■ Aim of the exercise
What is wanted is every line below from the one with "ゲストはPEDROのアユニ・Dさん!📻今夜 21:30~OA!interfm『TOKYO MUSIC" up to and including the one with "Das System ist", retyped exactly, pictures excluded, nothing else.

■ Dataset section
•••••

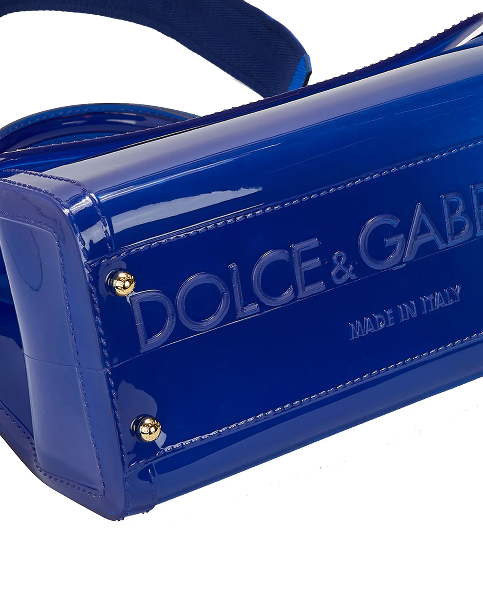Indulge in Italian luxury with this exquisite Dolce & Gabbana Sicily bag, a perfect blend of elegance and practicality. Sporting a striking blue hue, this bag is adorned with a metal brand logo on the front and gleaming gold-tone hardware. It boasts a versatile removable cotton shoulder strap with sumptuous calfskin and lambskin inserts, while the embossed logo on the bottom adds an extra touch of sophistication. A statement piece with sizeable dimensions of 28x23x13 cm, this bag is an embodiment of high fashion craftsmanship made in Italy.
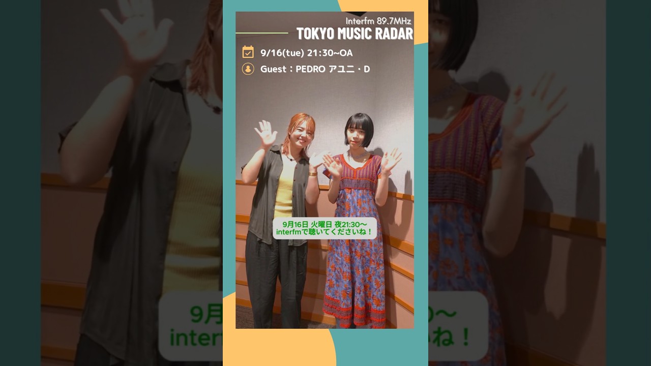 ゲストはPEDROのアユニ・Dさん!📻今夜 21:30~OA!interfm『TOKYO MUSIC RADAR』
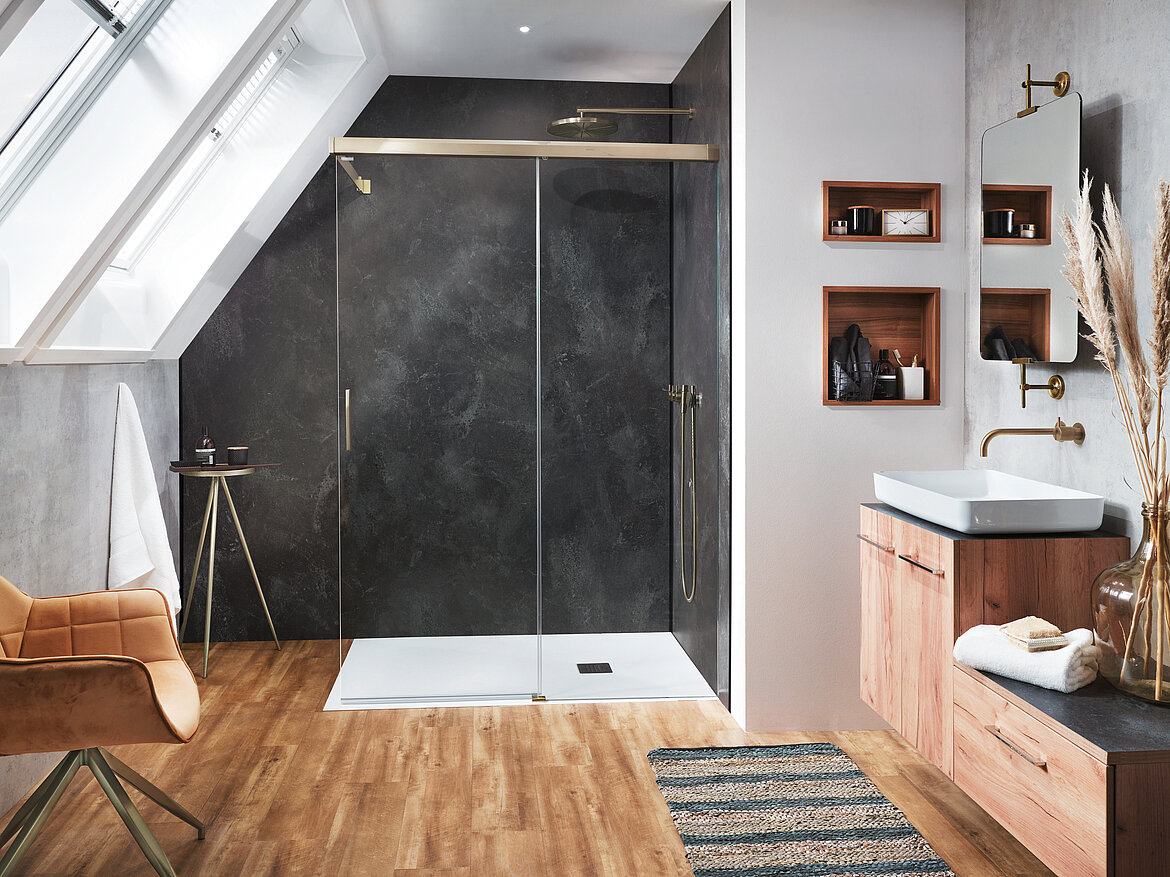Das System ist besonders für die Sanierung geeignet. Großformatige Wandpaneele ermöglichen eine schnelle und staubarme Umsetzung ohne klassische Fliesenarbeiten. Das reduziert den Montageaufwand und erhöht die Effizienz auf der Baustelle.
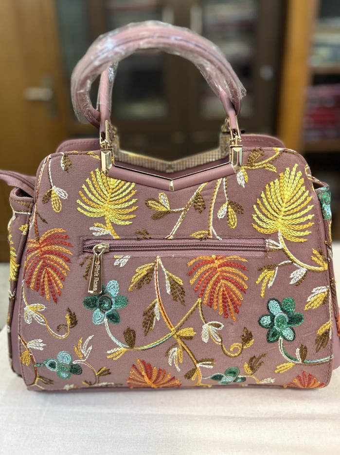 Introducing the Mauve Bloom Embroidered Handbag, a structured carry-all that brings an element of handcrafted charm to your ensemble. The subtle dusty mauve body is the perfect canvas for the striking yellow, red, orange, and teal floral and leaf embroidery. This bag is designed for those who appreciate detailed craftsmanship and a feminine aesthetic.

•••••

■ Result
 ゲストはPEDROのアユニ・Dさん!📻今夜 21:30~OA!interfm『TOKYO MUSIC RADAR』
Das System ist besonders für die Sanierung geeignet. Großformatige Wandpaneele ermöglichen eine schnelle und staubarme Umsetzung ohne klassische Fliesenarbeiten. Das reduziert den Montageaufwand und erhöht die Effizienz auf der Baustelle.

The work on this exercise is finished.